Keep an eye on this one

Business Week’s Jon Fine is reporting that talks are underway between the networks to create a one-stop site for all their video content to compete with the Google/YouTube juggernaut. At the same time, Google is offering the nets HUGE sums of cash (nine figures) for rights to their content. Here are the key graphs:

Such a sum far exceeds what any single broadcast network can extract from the online world–and drops straight to the bottom line. But taking the dough fortifies an already threatening rival. One executive privy to the discussions says: “The reality is, if they are able to lock in major media [companies] for three years, then by default YouTube is the place to go” for Web video. Such fears may be what’s spurred several major media players to mull assembling a cross-company Web video destination–a YouTube killer of their very own.

“The theory is that if you were to aggregate enough exclusive content in one place, you could actually change viewing patterns,” says an executive familiar with the cross-company talks. Perhaps anticipating my jumping all over the fallacy of “exclusive” in an open online ecosystem, he concedes “it’s really tough,” though not impossible.

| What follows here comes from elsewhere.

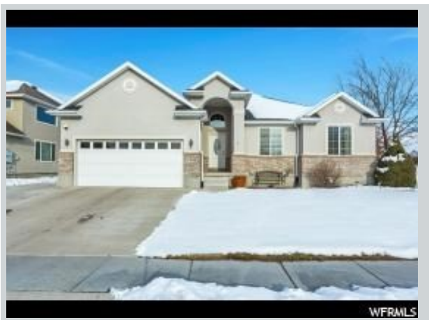
Listing Comp 3 5770 Lighthouse View Other

I continue to believe that cutting deals with companies like Yahoo to present our local content is penny wise and pound foolish. Better to create a local video portal that includes everybody, but that would take a level of coöperation heretofore impossible in any market. Stay tuned.

Comments

  1. You have to wonder is they will revert back to the traditional money-making machine of advertising, or if this will be the new revolution in broadcast… commercial free.